A second algorithmic research direction focuses on the dynamic generation of services (paths), resource work assignments (cycles), blocks (paths), and demand-flow itineraries (paths). With a few exceptions for resource management, this area has received little attention so far. Recall that, as illustrated in the models of this chapter, services are selected out of a set of potential services; the same discussion is relevant for the other system components as well. Authors rarely elaborate on the construction of the potential set. Obviously, it may correspond to all possible services, of all possible types, at all possible time instances. Two main issues with building a priori such a set. First, it would be of dimensions one could not address in most practical cases. Moreover, many of the potential services would be totally useless. But, which ones? How to avoid “bad” ones? The research on crew scheduling has clearly demonstrated that ad-hoc rules are not appropriate even when based on a company’s own policies. The second issue is that, in practice, such a set would mean that the complete service structure and schedule of the carrier is to be built from scratch each time. This is generally not the case. Indeed, the demand structure of the next season is not totally different in most cases from the one at the last similar (e.g., Summer or Winter) season. Carriers then aim to update their previous schedule to adapt it to changes in demand patterns without imposing dramatic changes to their customers. Part of the service network is thus more or less fixed and a set of potential services must be built to reflect the changes in demand. The same question as previously stated arises with respect to building such a set. Research efforts have thus to be dedicated to extending the column-generation methodology to the SND and SSND cases with simultaneous generation of several types of paths and cycles.

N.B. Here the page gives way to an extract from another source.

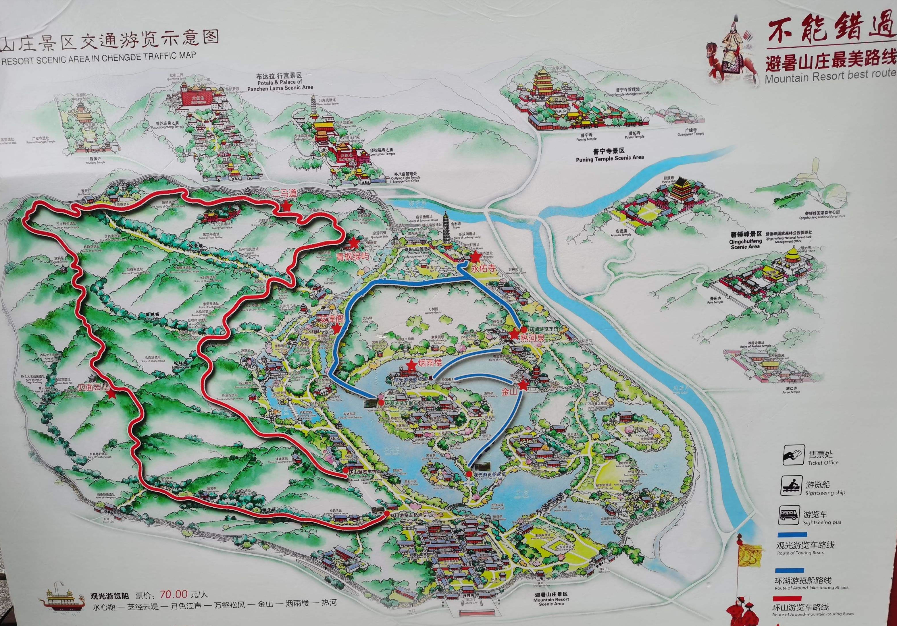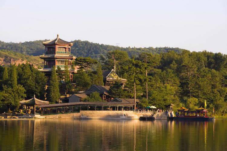 山巒區(qū):位于山莊西北部,面積443.5萬平方米。山區(qū)占了整個園林面積的五分之四。從西北部高峰到東南部湖沼、平原地帶,相對高差180米,形成了群峰環(huán)繞、色壑縱橫的景,山谷中清泉涌流,密林幽深。高聳的山峰好似天然屏障,阻擋了西北寒風(fēng)的侵襲,是調(diào)節(jié)山莊氣候的重要因素。當年利用山峰、山崖、山麓、山澗等地形,修建了多處園林、寺廟,共計40余處。
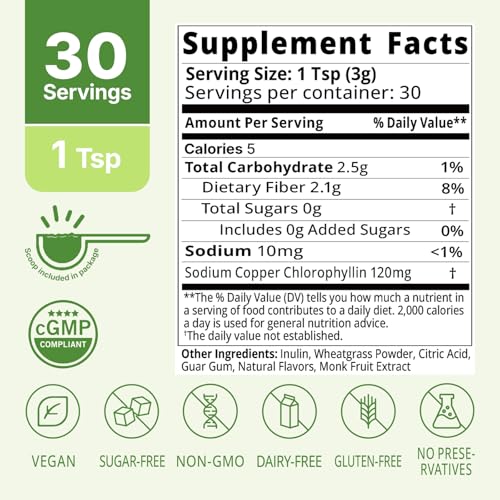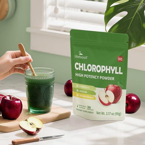 Specification: Chlorophyll Powder, 120mg Clorofila for Drinking – Supports Alkalization, Gut Health & Clean Energy – 30 Servings (Crisp Apple)

With respect to solution-method approaches, recall that network design problems are NP-Hard in most cases of interest, and service network design ones are not different. Consequently, heuristic-type solution methods must be constructed. Yet, the research in this area is still not sufficiently developed. Particularly promising, and challenging, are matheuristics combining exact and meta-heuristic solution principles, ideally coupled with parallel optimization strategies, such as the Integrative Cooperative Search (Crainic 2019).

The development of efficient solution methods for stochastic SND and SSND is particularly challenging, even for the two-stage formulations of business-as-usual demand uncertainty case, which has been studied the most. The adequate representation of the “future”, through sets of scenarios for example, is one the aspects contributing to this challenge. It raises issues regarding, the required number of scenarios, the purpose of scenario generation (represent the solution space or the optimal-solution neighborhood?), and how to generate the scenarios to serve this purpose. These questions are even more challenging when correlations and uncertainty in several problem parameters are considered. A scenario-based representation generally yields deterministic formulations of very large dimensions, very challenging to address as discussed above. The contributions mentioned in Sect. 6 and Chap. 9 make up the starting point of what should be a significant research effort on exact and matheuristic solution methods for stochastic service network design.